3rd Chancellor of the Central University of Kentucky
- In office July 23, 1880 – July 16, 1901
- Preceded by: Rutherford Douglass

Personal details
- Born: January 29, 1832 Cumberland County, Virginia, U.S.
- Died: September 17, 1914 (aged 82) Danville, Kentucky, U.S.
- Resting place: Bellevue Cemetery
- Spouse(s): Elizabeth Irvine ​ ​(m. 1857; died 1901)​ Myra Bracken ​(m. 1904)​
- Education: Hampden–Sydney College Union Presbyterian Seminary Danville Theological Seminary

Military service
- Allegiance: Confederate States
- Branch/service: Confederate States Army
- Years of service: 1863–1865
- Rank: Chaplain

= Lindsay Hughes Blanton =

American minister and academic administrator (1832–1914)

Lindsay Hughes Blanton (January 29, 1832 – September 17, 1914) was an American Presbyterian minister and academic administrator.
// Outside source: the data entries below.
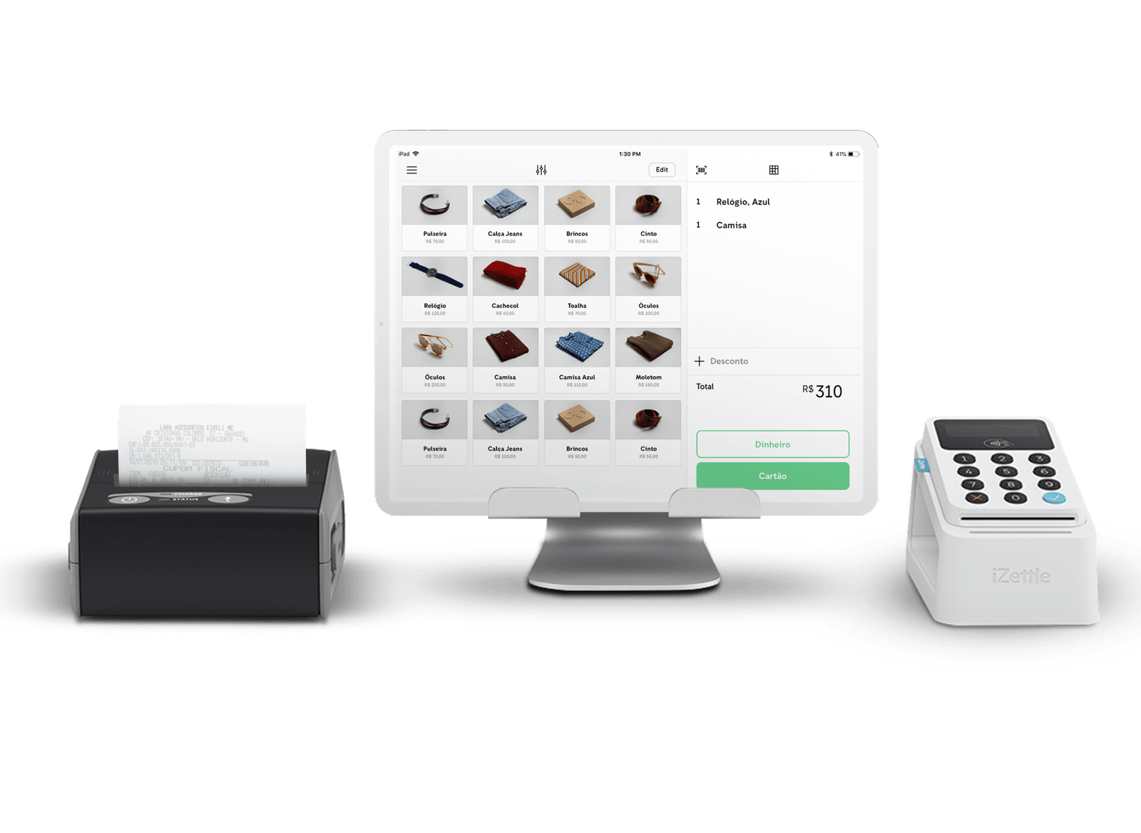 A iZettle, pertencente ao grupo PayPal, é uma solução completa para pagamentos e gestão de seu ponto comercial. Gerenciamento de estoque, relatório de vendas, emissão de NF-e e frente de caixa; tudo isso conectado a uma máquina de cartões para aceitar pagamentos no débito, crédito e parcelado.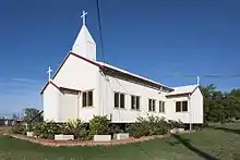 The church building was originally constructed in 1904 in Pine Creek,[lower-alpha 1] which is 760 km north of Tennant Creek, but by the mid-1930s the church had fallen into disrepair.[2] In 1935 Reverend Father W.J. Dew, M.S.C. of the Darwin Parish, was asked by Bishop Francis Xavier Gsell to assess the needs of the Tennant Creek parishioners, who numbered approximately 300.[3] Dew later wrote: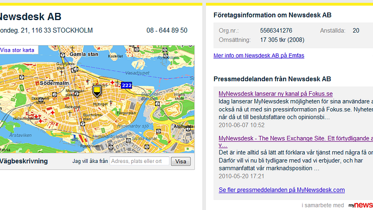 Eniro.se och MyNewsdesk inledde nyligen ett samarbete där Gula Sidorna publicerar pressinformation på sina företagskort.
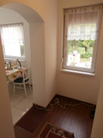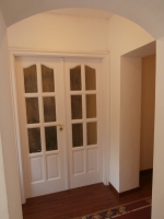 A fűtött belső lépcsőházból juthatunk az első emeleti részre, ahol található egy központi helyen lévő, részben még beépítendő konyha, egy nagy előtér, folyosó, amelyről nyílik egy hatalmas utcafronti nappali egy nagyméretű erkéllyel, egy külön bejárattal rendelkező hálószoba, egy külön WC és egy külön fürdőszoba, amely káddal, mosdóval és egy elektromos törülköző radiátorral van felszerelve.

He was the third and final chancellor of the Central University of Kentucky in Richmond, Kentucky, from 1880 until its 1901 consolidation with Centre College. He was vice president of the combined school, then also called the "Central University of Kentucky", from 1901 to 1907.
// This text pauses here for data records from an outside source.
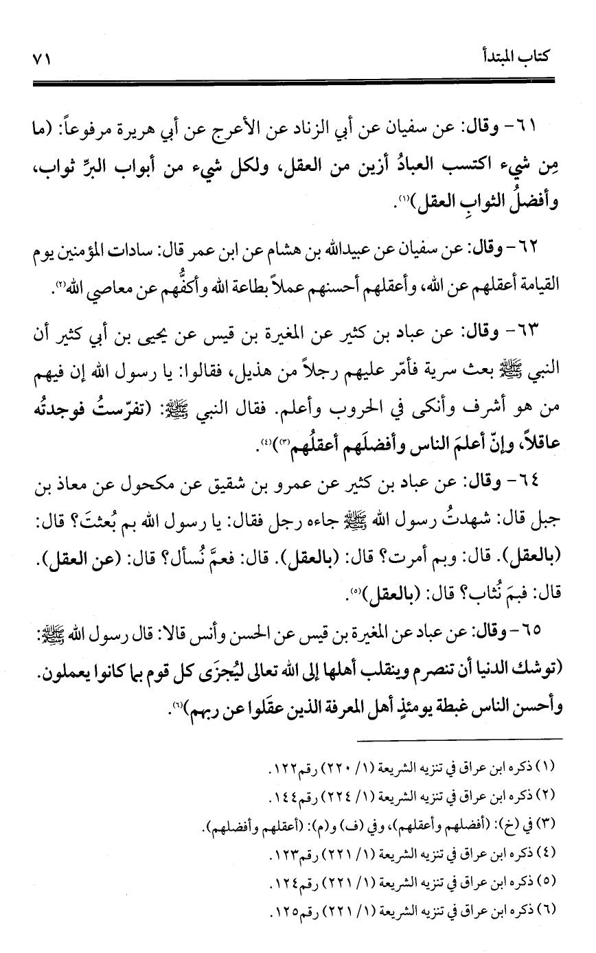 61 - وقال: عن سفيان عن أبي الزناد عن الأعرج عن أبي هريرة مرفوعًا: (ما مِن شيء اكتسب العبادُ أزين من العقل، ولكل شيء من أبواب البرِّ ثواب، وأفضلُ الثوابِ العقل) (¬1).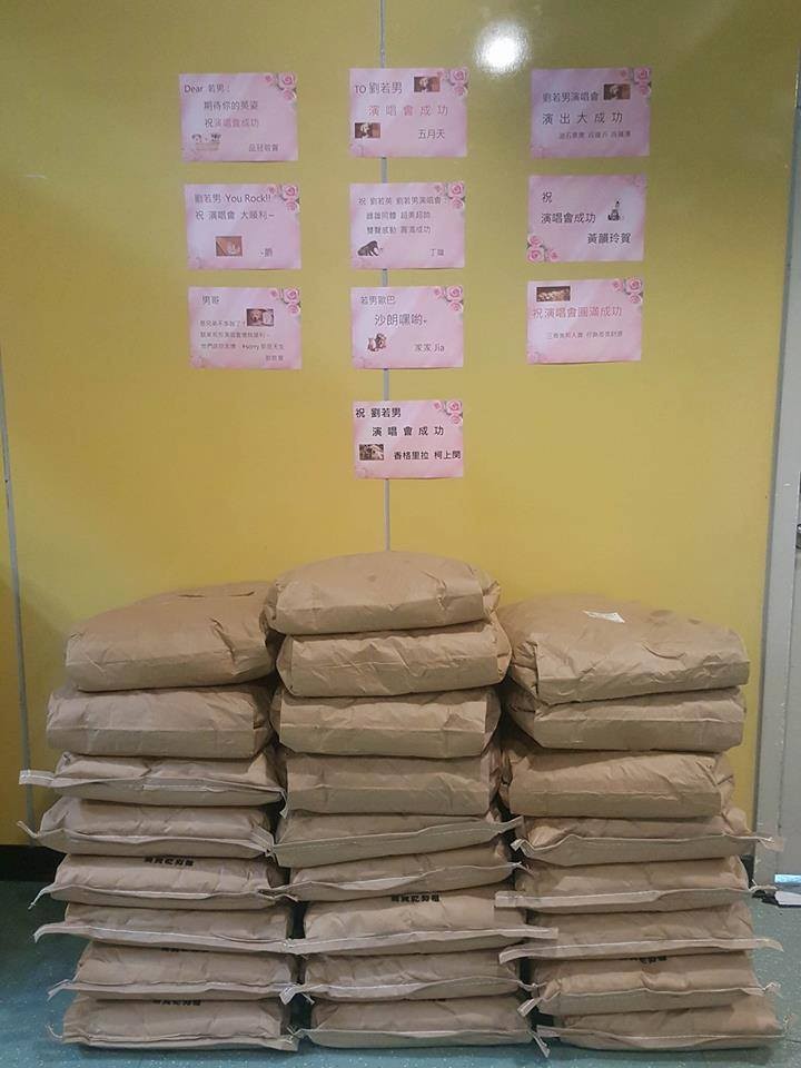 ▼這些祝福的飼料都堆在後台,重達810公斤!上面則貼上一張紙條,祝福演唱會成功。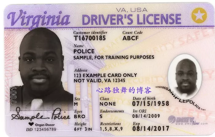 最後一個也常是最重要的,那就是駕照,上面除姓名之外還有照片、家庭住址、出生日期、性別、身高、眼睛頭髮的顏色等信息,見下圖。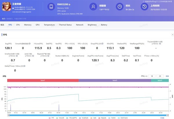 在《王者荣耀》帧率测试中,真我GT8 Pro可以开启120帧+极致画质,30分钟游戏时长平均帧率可以保持在120.1帧,表现非常稳定,在保证画质的同时,120帧模式让整体的游戏体验更为顺滑。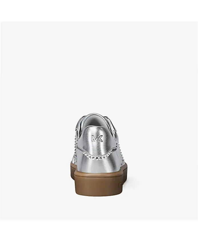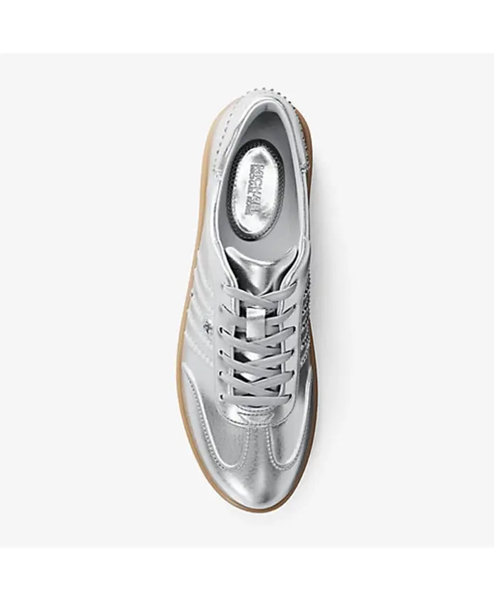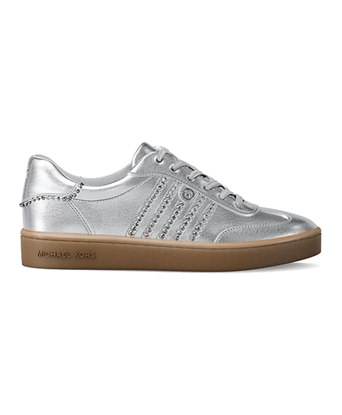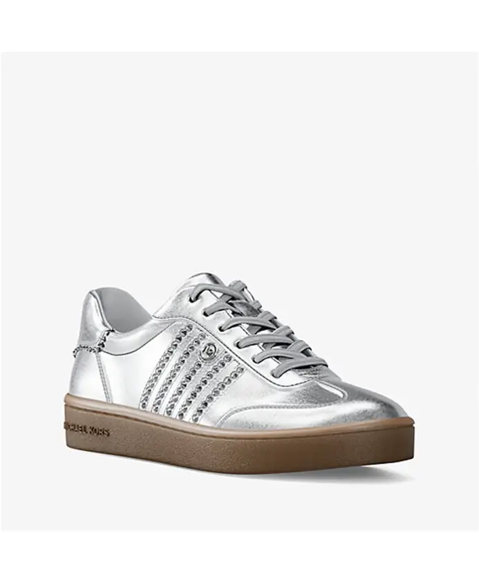 Кроссовки Michael Kors Scotty - стильные низкие кроссовки из металлизированной кожи с декоративными заклепками и подвеской с логотипом. Небольшая платформа и миндалевидный носок делают их универсальной повседневной моделью, легко сочетающейся со светлыми джинсами. Ключевые особенности: Серебристый цвет | Металлизированная кожа | Шнуровка | Декоративные заклепки | Подвеска с логотипом | Миндалевидный носок | Размеры и посадка: Высота платформы: 3,2 см | Материал и уход: Металлизированная кожа | Хлопковая подкладка | Резиновая подошва

Born in Virginia, Blanton earned a license to preach in 1857 and began as a pastor in Versailles, Kentucky. He stayed there until the outbreak of the Civil War and was appointed as a chaplain in the Confederate States Army in 1863. After the war, he moved to Paris, Kentucky, and he was the pastor at Paris Presbyterian Church for the next 18 years. In 1880, he was elected chancellor of the Central University of Kentucky in Richmond, which had been struggling with a lack of money and students for much of its six-year existence. He attempted to better the school's financial standing by securing assistance from the church, fundraising, and opening enrollment to women, though the issues still persisted. Blanton gave his approval of a planned merger with Centre College in Danville, Kentucky, in 1901, and the merger took effect that July. He retired after six years as vice president of the post-merger school and died seven years later.

==Family and early life==
Lindsay Hughes Blanton was born on January 29, 1832, (Note: This date of birth is the consensus among sources, though Smith (1886) lists July 29, 1832, and the National Cyclopædia (1907) lists January 29, 1834.) in Cumberland County, Virginia. He was the second son born to Susan (d. 1856) and Joseph Blanton (d. 1849). His father was a planter from eastern Virginia whose family had lived in the state since the early 18th century. Blanton was Scotch-Irish on his mother's side. His younger brother was Joseph P. Blanton, whom he raised following the death of both of their parents. Joseph later became president of the First District Normal School (now Truman State University) and the University of Idaho.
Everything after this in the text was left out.